Sharon Castillo, deputy director of communications for the Republican National Committee, said she can’t believe Hispanics aren’t aware of Mr. Estrada.

“The Estrada story has been alive now for over two years,” she said. “Latinos are very much aware of who he is, what his credentials are.”

Mr. Bendixen’s survey found that Mr. Bush’s popularity among Hispanic voters has slipped significantly over the last year.

The poll found that Mr. Bush would receive 34 percent Hispanic support against an unnamed Democratic opponent — down from the high of 44 percent he polled in May 2002. The 34 percent is about the same as the 35 percent of the actual Hispanic vote he received in the 2000 election.

“The president of the United States has an important credibility problem with Hispanic Americans,” Mr. Bendixen said, citing numbers that show nearly 70 percent think Mr. Bush has failed to keep his word to make Latin American policy a priority and to complete an immigration agreement.

Ms. Castillo, though, said the administration is still in negotiations with Mexico on immigration accords, and she said Republicans in Congress have also advanced bills to create a guest-worker program.

Still, Hispanic voters who no longer support Mr. Bush haven’t gone to the Democrats — most of them are now undecided, Mr. Bendixen said.

His poll showed an unnamed Democratic opponent to Mr. Bush polling at 48 percent — far below the mid-60s figure Democrats believe they need among Hispanics to win overall.

Mr. Bush’s personal image rating slipped, now at 60 percent, down from 76 percent in May 2002 — but high nonetheless. Mr. Bendixen said that underscored the personal emotional bond the president has established with the Hispanic community.

“Those who think the Hispanic vote is part of our base are just wrong,” the Democratic pollster said. “The Hispanic vote is one of the most important swing votes in American politics.”

Mr.

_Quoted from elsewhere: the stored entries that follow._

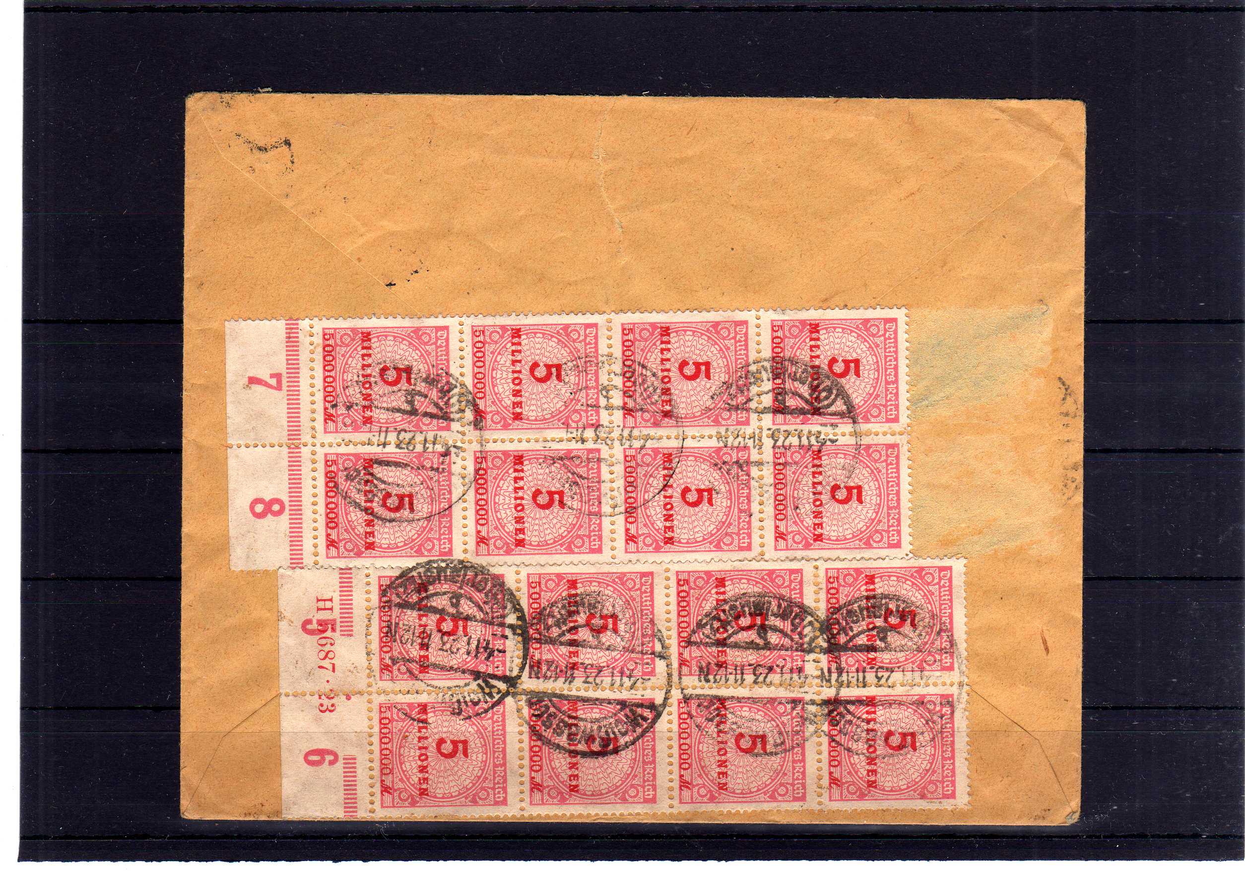 Zehner-Unterrand-Blöcke u. senkr. Paar auf hübschem Firmenbrief, 1 Block mit HAN 5687.23 (2 weitere Werte abgefallen), Pracht, Mi. ohne Preis (Image)
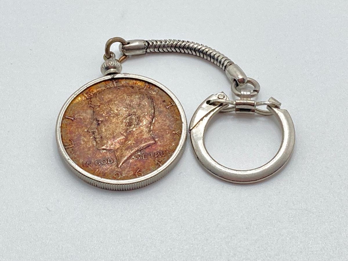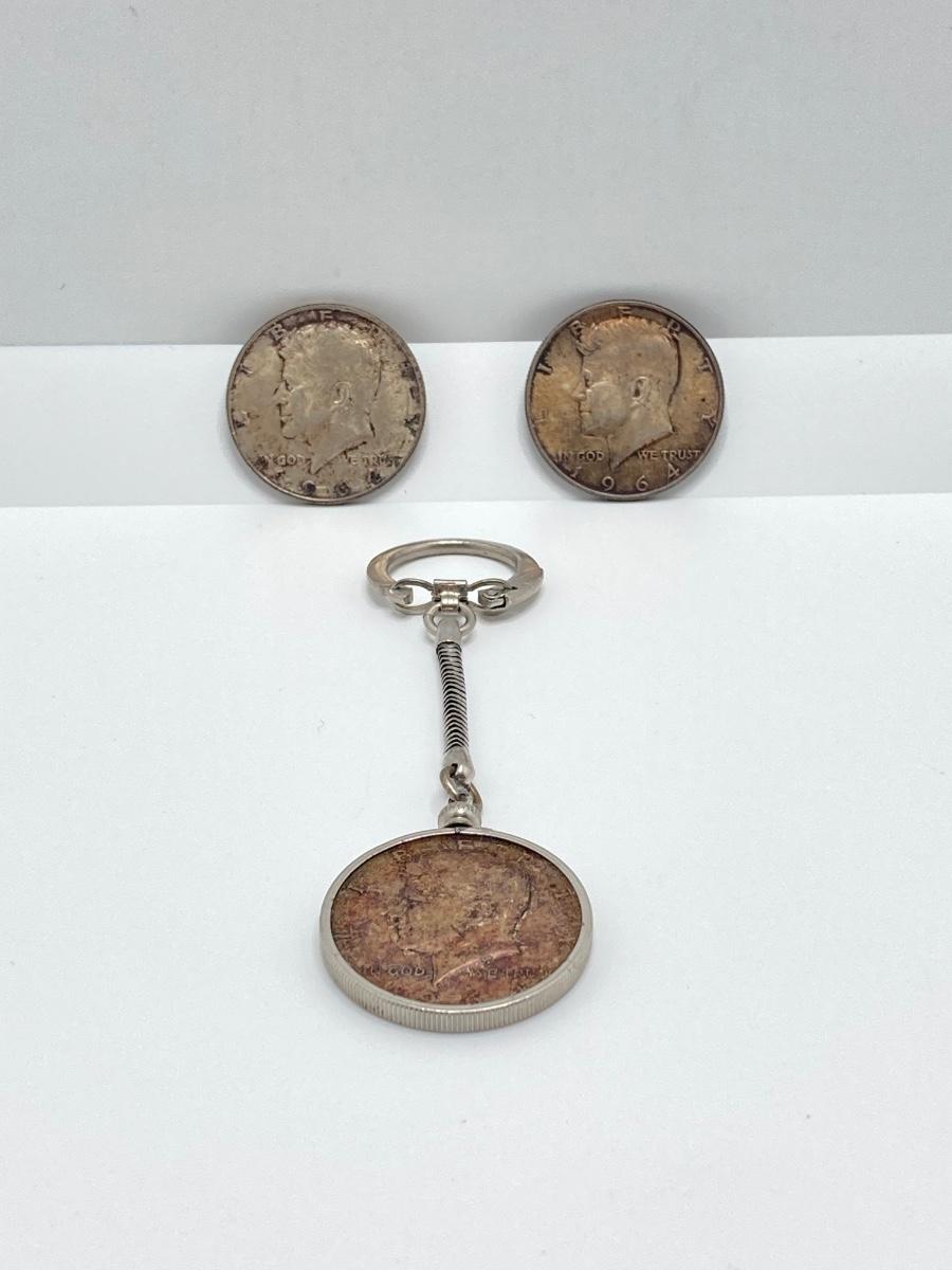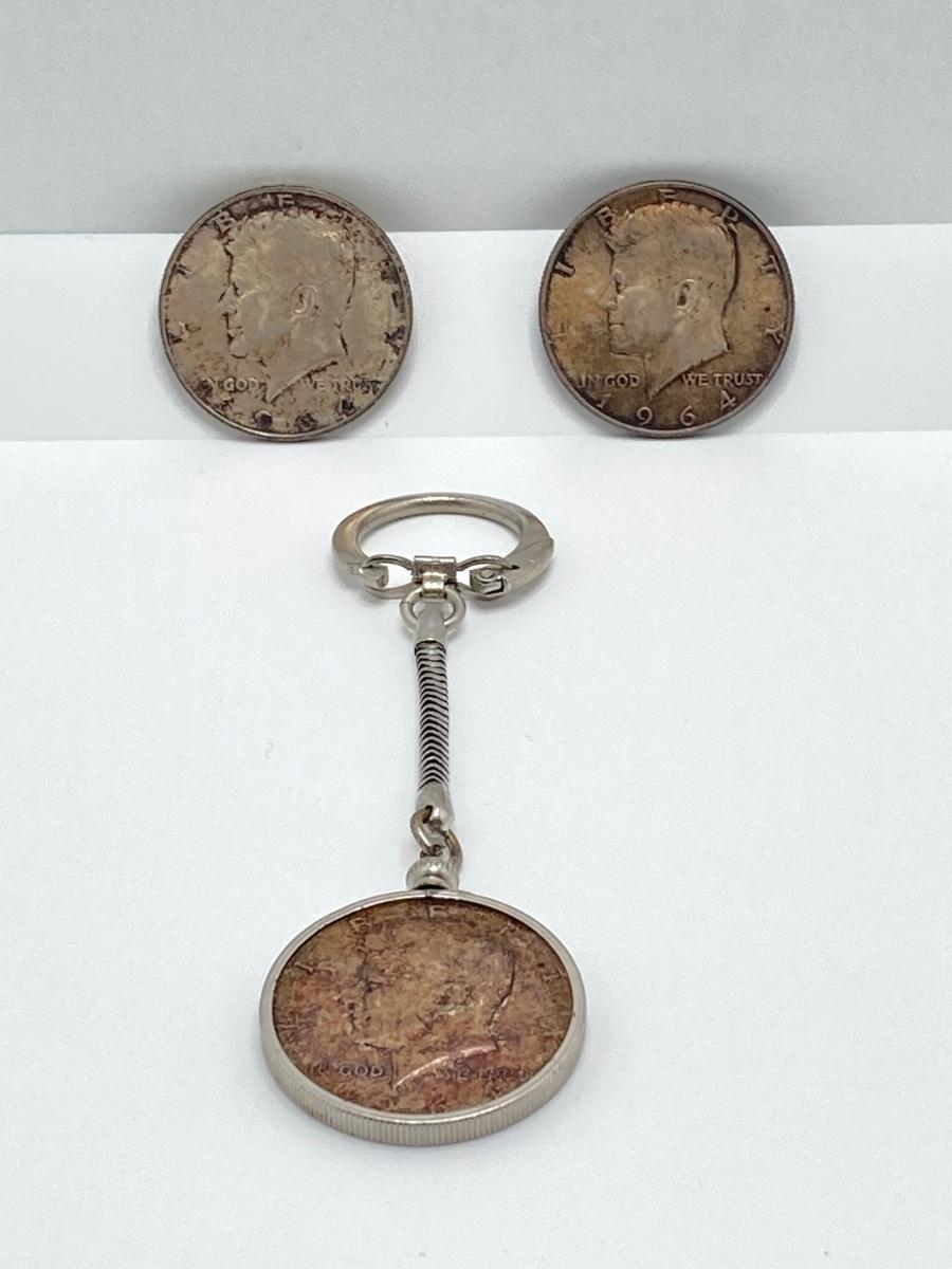 Three - 1964 Kennedy Half Dollar Coins (One in Key Chain Bezel)
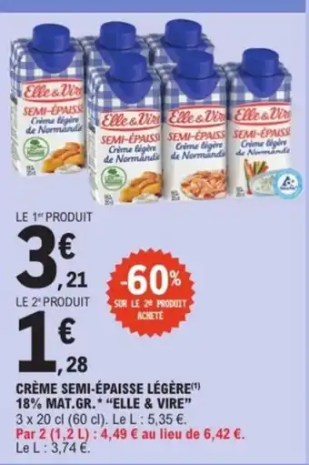 Actuellement en offre chez E.Leclerc : ELLE & VIRE Crème semi-épaisse légère 18% mat.gr. ✅ Valable du 3-02 au 14-02.

Bendixen’s poll also found that for the first time, a majority of Hispanic voters were born outside the United States, with one-fifth of the overall number being born in Mexico.

The Census Bureau released new demographic numbers yesterday showing that the Hispanic population in the United States continued to grow at a quick pace and it now outnumbers the black population.

As of July 2002, Hispanics numbered 38.8 million, up 3.5 million, or 10 percent, from April 2000. The total U.S. population rose 2.5 percent to 288 million.